Sono passati quasi diciott'anni dalla prima incarnazione del loro personale paradiso fatto di melodia, pop, elettronica, reggae, dub, rock, e la maggiore età si presenta in forma di un disco che rincuorerà quanti non si aspettavano niente di buono dopo la défaillance di “Eden”. “Una nave in una foresta” (il titolo deriva da un detto popolare piemontese) è un bel disco, che sì, sicuramente non stupisce, anzi ripropone tutti gli stilemi del gruppo sfiorando spesso l'autoplagio, ma lo fa con molta più classe del suo predecessore e, pur contenendo episodi fra il trascurabile e l'incomprensibile – il tipico singolone “Lazzaro”, una “Specchio” che sembra un'“Aurora sogna” con (molta) meno personalità, una “Ritmo Abarth” incommentabile – vanta anche canzoni più che degne, che potrebbero addirittura ambire allo status di classici subsonici: la title-track, per esempio, è un'apertura col botto, cinque minuti e mezzo di “Nuvole rapide” meets “Strade”. “Tra le labbra” e “I cerchi degli alberi” sanno essere perfettamente pop e perfettamente sospese fra beatitudine e turbamento, mentre una nervosa poesia metropolitana scorre nelle pulsazioni nebbiose della desolata “Licantropia”.

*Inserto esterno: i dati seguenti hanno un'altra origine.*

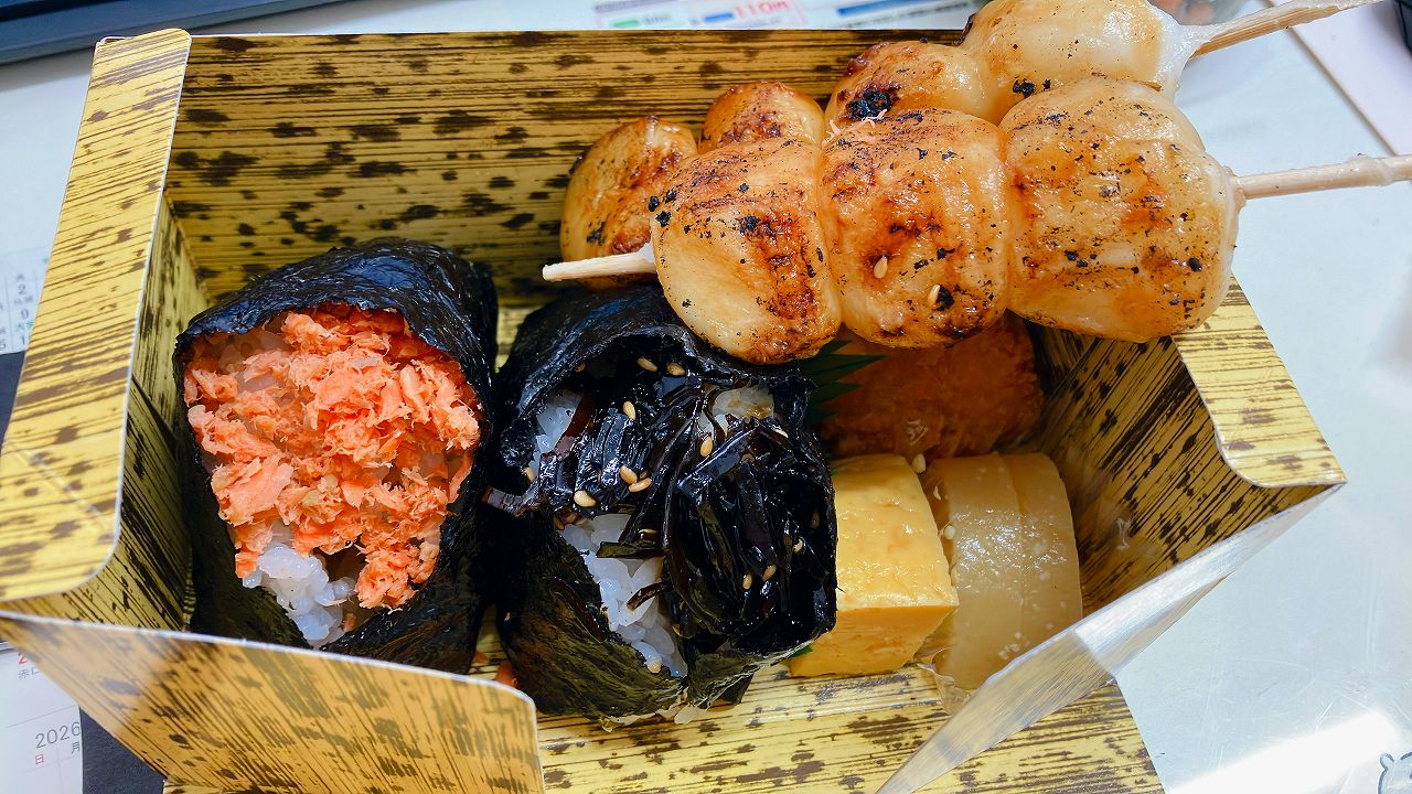 毎年のお楽しみ団子。おにぎり弁当を添えて。

“Il terzo paradiso” chiude intrecciando i cerchi e le parole dell'opera di Pistoletto a una base trip hop e alle parole di Samuel che ci lasciano con una serie di domande che nella loro ripetitività potrebbero ricordare quelle di “Istrice”, ma è un errore: queste sono più profonde e universali, aperte a un futuro che possiamo immaginare ancora possibile e perfino migliore. Per l'umanità, e anche per i Subsonica.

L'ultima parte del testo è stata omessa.